Sunday’s game ended with pinch-runner Chris Dickerson getting doubled up at first base because he was on second during a foul pop-up in shallow right.

    It was a bad way to end a bad game.

     But Dickerson said afterward, no matter how it looked, it probably was unavoidable for him. He was stealing on the 0-2 pitch and though he heard the crack of the bat, he didn’t know where the ball was.

  He saw White Sox Alexi Ramirez shortstop looking like the ball had been hit on the ground behind Dickerson, who was in a full sprint and then sliding headfirst.

    “Ramirez deked at second like he was anticipating the ball coming to second, and I was already in the position where I had to slide anyways,” Dickerson said. “By that time, I was too far past. You can only go so far. Even if you do read it, who knows if you have a chance of getting back?”

     Fair point there. Dickerson was trying to steal second. Even if he had realized the ball was popped up and catchable, he may not have had time to reverse course since second baseman Leury Garcia had an easy throw to first base.

  The question is whether Dickerson should have peeked at the ball as he was running – which some basestealers do and some don’t (the ones that don’t think it slows then down).
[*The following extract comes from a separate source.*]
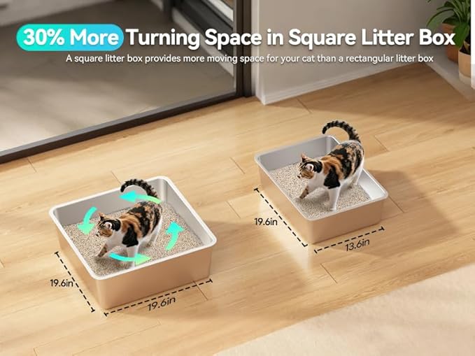 - Spacious 89L Square Box for Happy Moves: Big square design (19.69" x 19.69" x 23.62")—perfect for small and large cats. No more tight spaces—just happy, comfortable potty time

      “It’s not something I’ve ever done. I keep hearing, ‘You should have peeked, you should have peeked.’ It’s not something I’ve ever done stealing bases,” Dickerson said. “For me, it’s the first two steps I’m getting down and then … my eyes are up looking at the reaction of the second baseman, third baseman and once they are looking behind me, I am picking up Bobby (third base coach Dickerson) and he’s going, ‘You know what to do.’  … Who knows, even if I did read it, what are the chances I am stopping and getting back anyways?”